Hi Jodie like you my wife is a nurse though in a differnet field,we entered the process in Jan 2006 and hopefully will get our pr visas in a few weeks my wife found the web sites confusing for the college of nursing and found more precise info on the forum.
I believe that your job is on the list of 38 which will make things easier to move although you will have to sit there exams to nurse in canada. you can enter into the skilled workers programme or go for the provincial programme which i believe can be quicker but you still have to pass the criteria for immigration, if you are serious get all the information on Family, jobs and qualifications, job descriptions ect together and this will make the initial stages og form completion a lot easier and less stressful.
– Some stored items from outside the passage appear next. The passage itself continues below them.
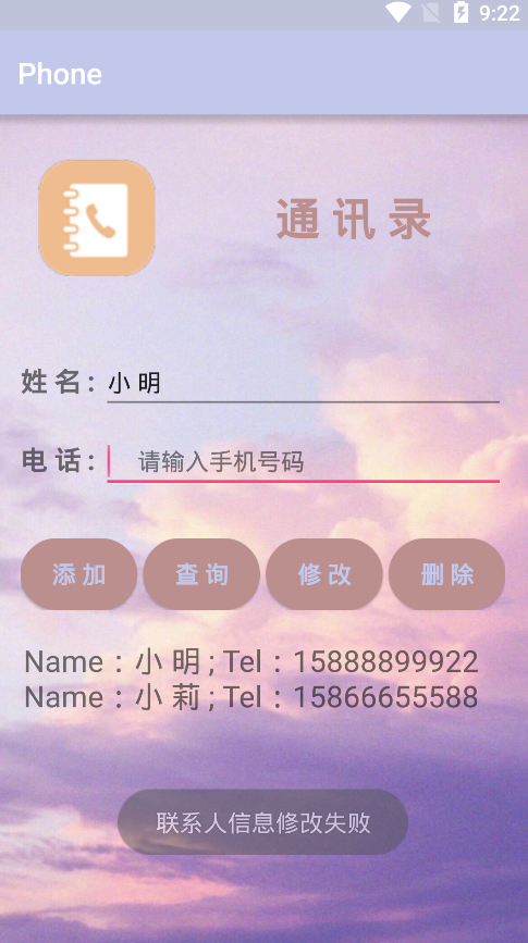 注意小问题:必须输入联系人姓名和电话号码,才可以成功进行修改,在数据库中修改一句name字段值进行匹配
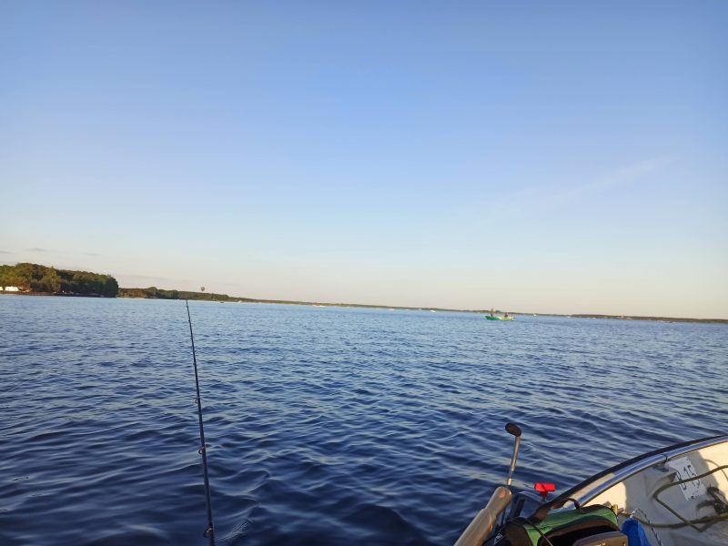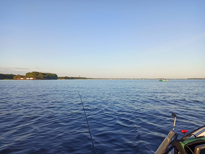 Rzeczywistość zastana o świcie nad zbiornikiem otrzeźwiła nasze zapędy bo liczba łódek oscylująca w okolicy 400 i popisy kolegów wyposażonych w silniki o wysokiej mocy oraz brak świateł nawigacyjnych w mojej łodzi stwarzał zbyt niebezpieczne sytuacje na wyruszenie w warunkach słabej widoczności. Wypiliśmy więc wzorem bardziej doświadczonych kolegów na spokojnie po zacnej kawie zjedliśmy śniadanie i bez większej spiny około godziny 5:30 udaliśmy się na podpowiedziane miejscówki. Rady znajomych i odczyty z echosondy ułatwiły mocno namierzenie żerowisk sandacza i nawet mi osobie mocno początkującej w tej materii, udało się całkiem ładnie połowić. Przy okazji łowienia miałem okazję po dyskusji z Jackiem i wypróbowaniu jego wędzisk do zaplanowania i natychmiastowego wdrożenia kolejnych modyfikacji sprzętowych. Moje ciężkie zestawy sandaczowe zakupione z myślą o Odrze słabo nadawały się na dłubanie delikatnymi przynętami na metrowej wodzie. Przełowiłem więc cały dzień w większości przypadków stosując moją ciężką wklejankę okoniową łowiąc kilka całkiem przyjemnych rybek.
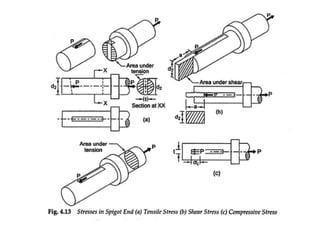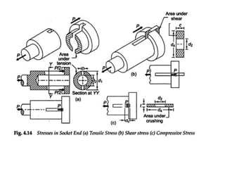 A cotter joint connects two coaxial rods subjected to axial forces. It uses a tapered wedge-shaped cotter inserted into slots in the overlapping ends of the rods. The cotter prevents longitudinal movement but allows for disassembly. Cotter joints are commonly used to connect piston rods, pump parts, flywheels, and foundation bolts. The document provides design considerations and equations for sizing the rods, slots, and cotter to withstand various failure modes from the tensile, compressive, and shear stresses based on the applied load and material properties. It also presents three example problems of designing cotter joints for specified loads.
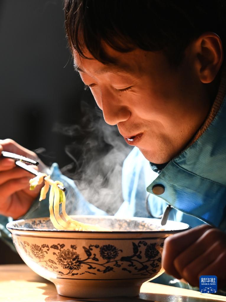 一上午忙碌過后,李文在西安市灞橋區(qū)一家面館吃午餐(1月18日攝)。
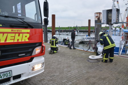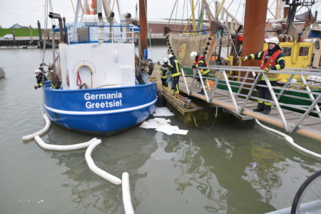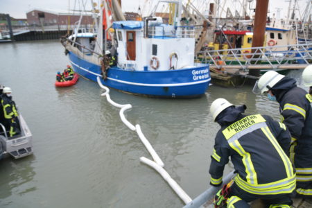Im Norddeicher Osthafen ist es am Mittwochmorgen zu einer Gewässerverunreinigung gekommen. Mitarbeiter des Hafenbetreibers NPORTS hatten dort einen deutlich sichtbaren Ölfilm entdeckt und die Freiwillige Feuerwehr Norden benachrichtigt. Die Einsatzkräfte legten saugfähige Ölsperren aus und trieben das Öl damit zusammen. Rundweg 70 Quadratmeter betrug die verschmutzte Fläche.
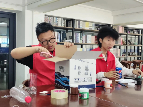 在校园广场开设“环保手工市集”,学生们利用废旧纸箱、布料等材料制作元旦贺卡、灯笼和装饰画。现场还设置“创意教学角”,由手工艺社团指导市民将废弃饮料瓶改造成迷你盆栽,传递“变废为宝”的环保理念。
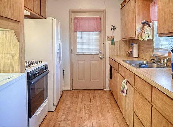 Cute 3 bedroom house. Newer roof and AC unit. Nice galley kitchen open to the dinning area. Large Back yard with a large storage building. A must see!
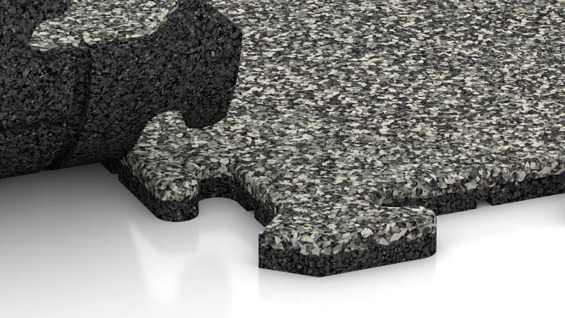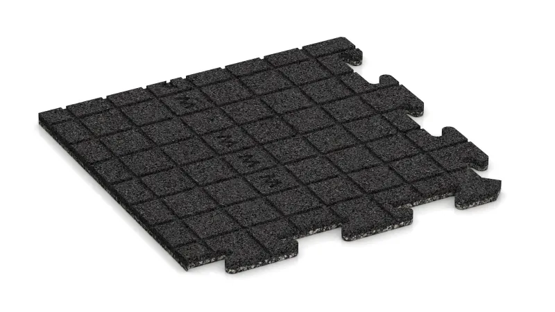 Płyta narożna gwarantuje równe i estetyczne wykończenie w każdym z czterech narożników powierzchni wyłożonej płytami. Każdy element to jedna czwarta pełnej płyty puzzle: wewnętrzne boki posiadają charakterystyczne łączenie typu puzzle i idealnie pasują do pozostałych płyt, natomiast boki zewnętrzne są gładkie i proste. Dzięki temu cała powierzchnia otrzymuje spójne i funkcjonalne obramowanie.
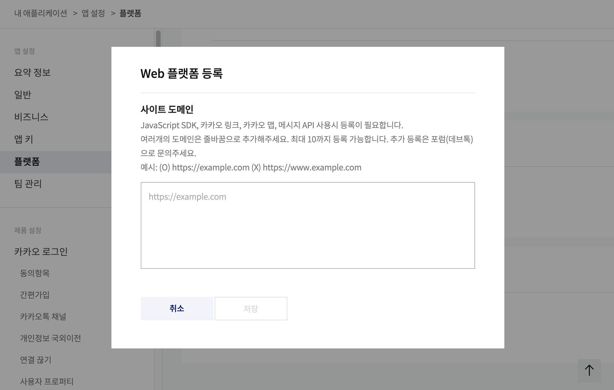 앱 설정 > 플랫폼 > Web 플랫폼 등록 > 사이트 도메인 등록 (예:http://localhost:8080)
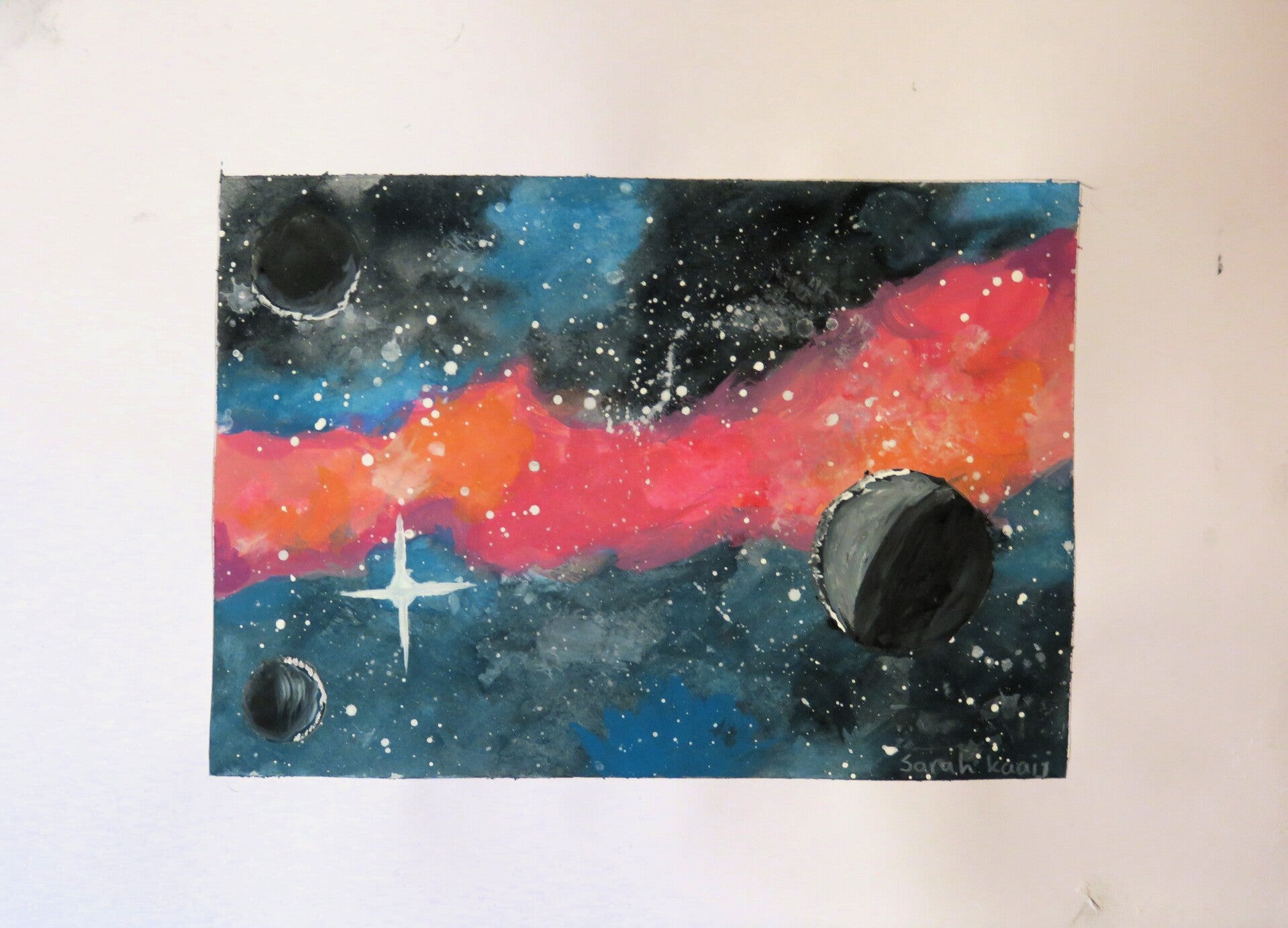 We naderen het eind van het jaar en we hebben de sfeer van Kerst en Nieuwjaar samengevat in een galaxy of sterrrenhemel. Er is gewerkt met plakkaatverf, waarbij diverse technieken zijn gebruikt. Bijv werken in lagen, nat-in-nat en de spattechniek. We hebben de beeldende begrippen compositie, contrast en repoussoir toegepast. Het resultaat is best goed geworden. In ieder geval ging iedereen heel tevreden naar huis.
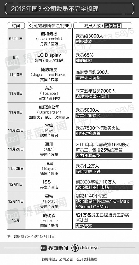 據界面數據不完全統計,2018年先後至少有11家國外公司被曝出裁員,其中包括捷豹路虎、通用和福特3家車企。
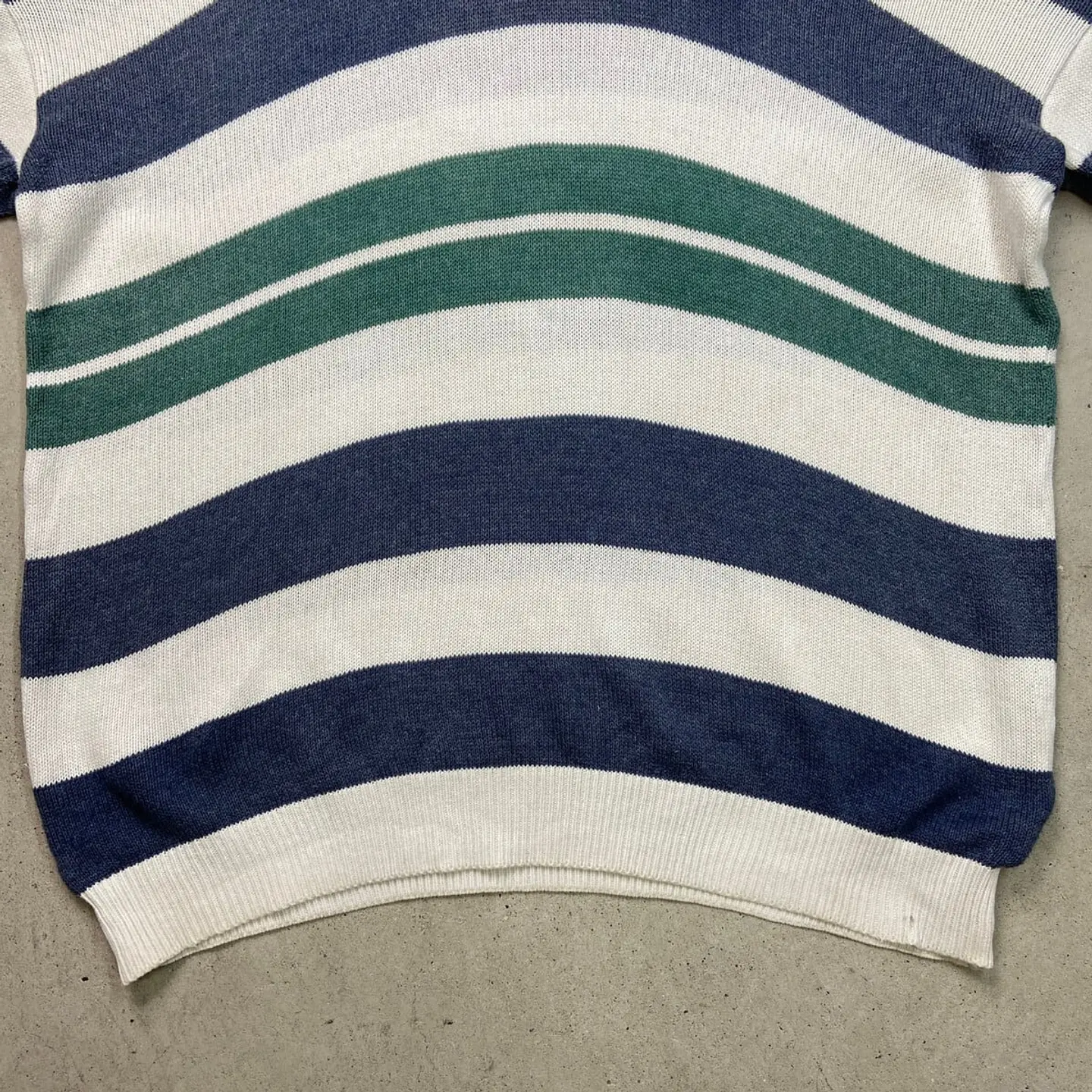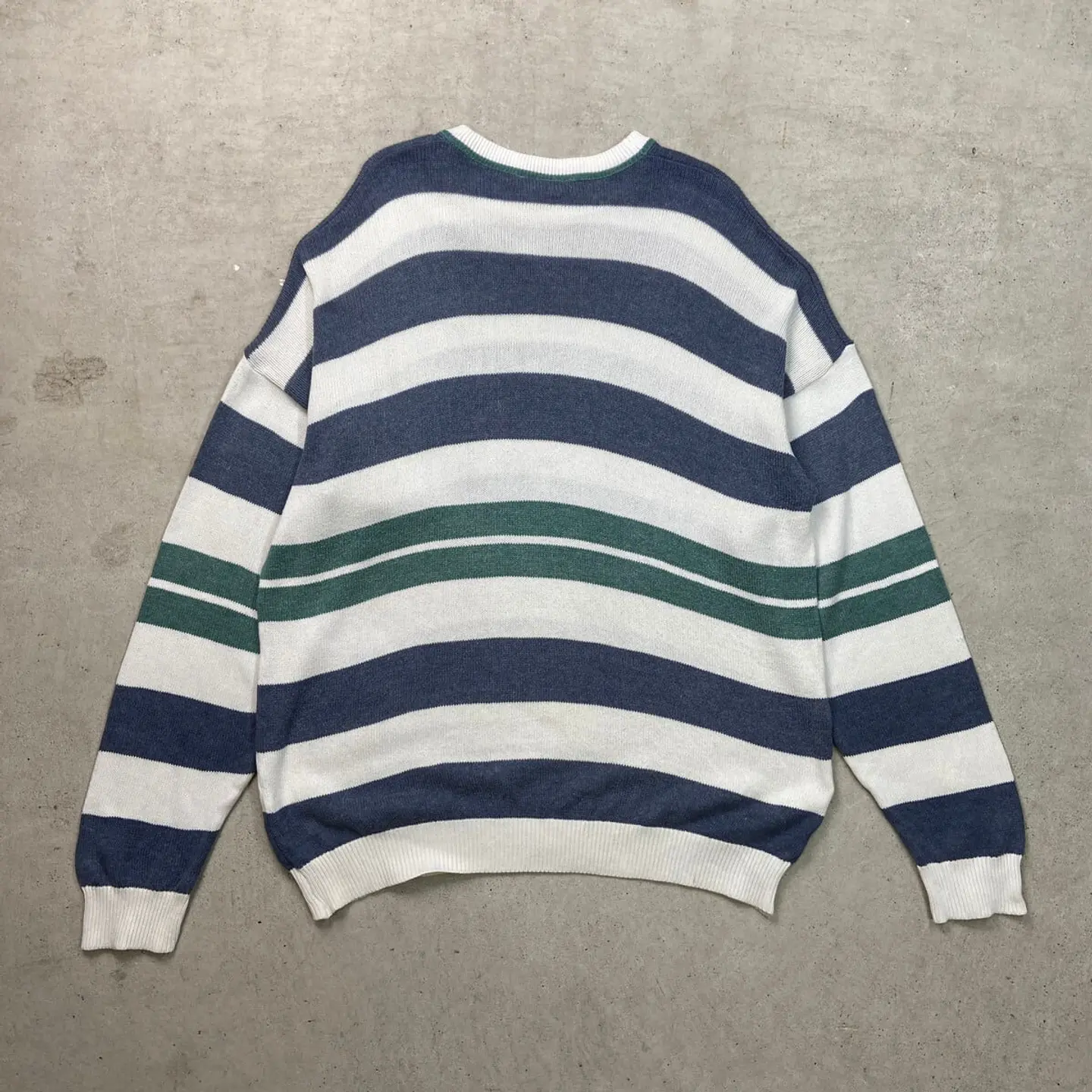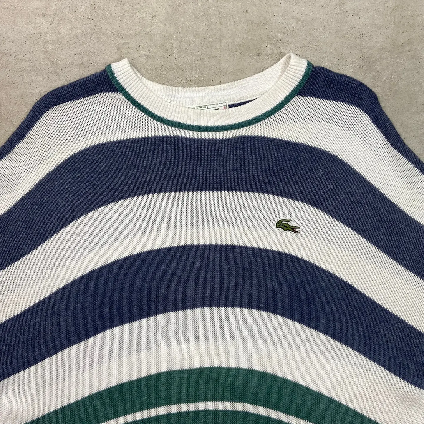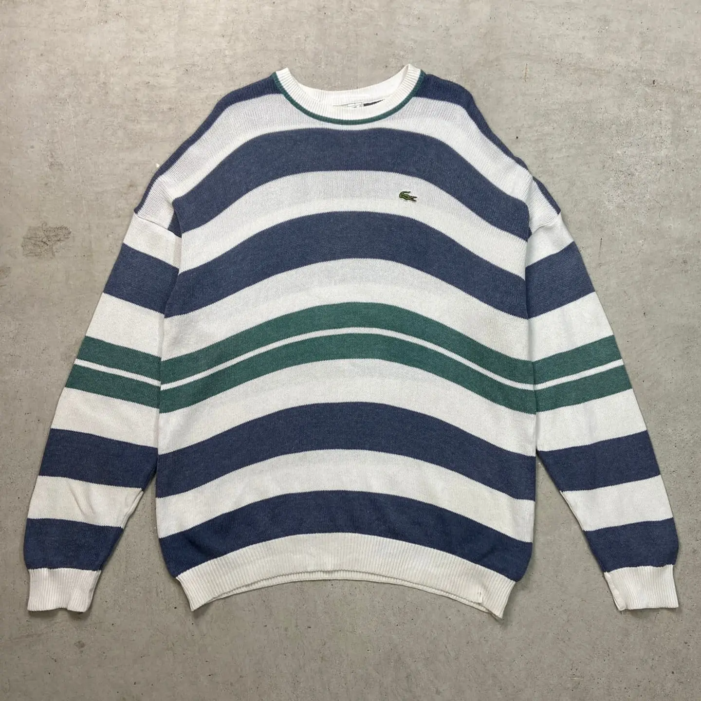 ■90年代 LACOSTE ラコステ ボーダー コットンニットセーター メンズM 古着 90s VINTAGE ヴィンテージ エメラルドグリーン ネイビー 緑 紺色【ニットセーター】/マルチカラー 【ブランド】LACOSTE ラコステ 【サイズ】表記 7(実寸メンズ2XL相当) ※計測値をご確認ください。 着丈…72 身幅…68 肩幅…77 袖丈…62 【生産国】フランス製 【素材】コットン80%、アクリル20% 【状態】袖やフロント裾に汚れがございます。 肩や袖が使用感により、生地が伸びております。 画像にてご確認ください。 【c251212105】 ※古着は洗濯、検品などのケアを行っております。(新品・デッドストックは洗濯していません。) ※モニターの発色により実物と異なる場合がございます。予めご了承ください。 ※ 海外直輸入USED品になります。

You shouldnt find any problems on finding employment in your field.
We used a lawyer but found this a hinderance due to problems with communication and staff moving which delayed our move by 10 months. Looking through the internet we found firms who can help you with problems before you move and I found them very supportive and eager to help. we are moving to Nova Scotia and used a firm called Relocation Nova Scotia (they are companies networking hoping to get your business when you are ready to move so there is no cost to you)
As moving back you willstill have your UK passports so there shouldnt be a problem.
I hope this helps in your thought process. best of luck.


----------



## devdally (May 10, 2010)

True. Moving firms are always your best bet. Wouldn't want to mess up with the law, after all.


----------